··· Stored data
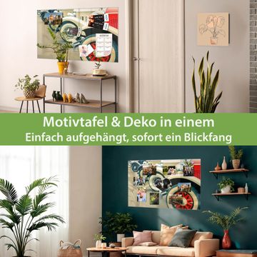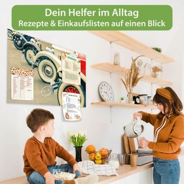 Die banjado Glas Magnettafel mit dem Motiv Motiv Oldtimer Räder verbindet Funktionalität mit Stil. Sie ersetzt das Zettelchaos durch klare Strukturen und bringt dabei eine warme, natürliche Atmosphäre in Ihr Zuhause. Ob im Büro, in der Küche oder im Eingangsbereich - dieses Design-Board zieht Blicke an und sorgt für Ordnung mit Charakter.
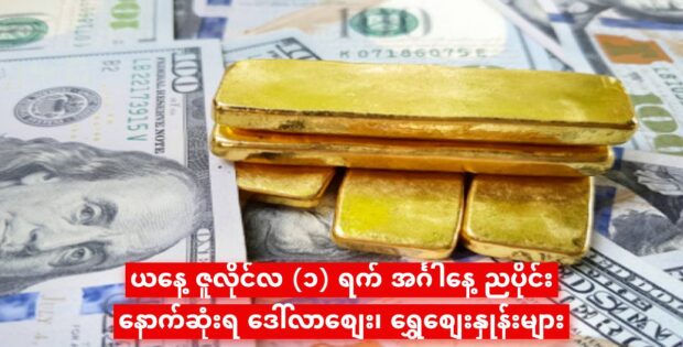 ယနေ့ ဇူလိုင်လ (၁) ရက် အင်္ဂါနေ့ ညပိုင်း နောက်ဆုံးရ ဒေါ်လာစျေး၊ ရွှေစျေးနှုန်းများ
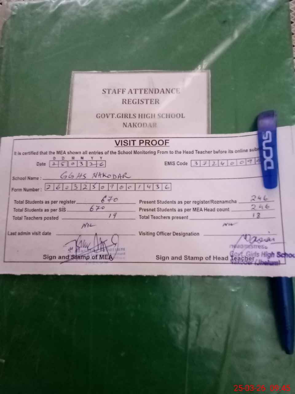 | EMIS Code: 37240099 | Name of School: GGHS NAKODAR | |||
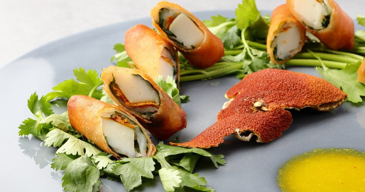 陳皮とパクチーを魚のすり身に混ぜあわせ、団子にする中華料理を元に、春巻きとしてアレンジしました。陳皮の爽やかな酸味が味のアクセントとなり、美味しさを一層引き立てます。陳皮が手に入りにくい場合は、みかんやオレンジの皮で代用も可能です。
······
■ Task goal
The expected output is every line from the line where "ယနေ့ ဇူလိုင်လ (၁)" appears to the final line of the material, unchanged and with no pictures.

■ Solved problem
 ယနေ့ ဇူလိုင်လ (၁) ရက် အင်္ဂါနေ့ ညပိုင်း နောက်ဆုံးရ ဒေါ်လာစျေး၊ ရွှေစျေးနှုန်းများ
 | EMIS Code: 37240099 | Name of School: GGHS NAKODAR | |||
 陳皮とパクチーを魚のすり身に混ぜあわせ、団子にする中華料理を元に、春巻きとしてアレンジしました。陳皮の爽やかな酸味が味のアクセントとなり、美味しさを一層引き立てます。陳皮が手に入りにくい場合は、みかんやオレンジの皮で代用も可能です。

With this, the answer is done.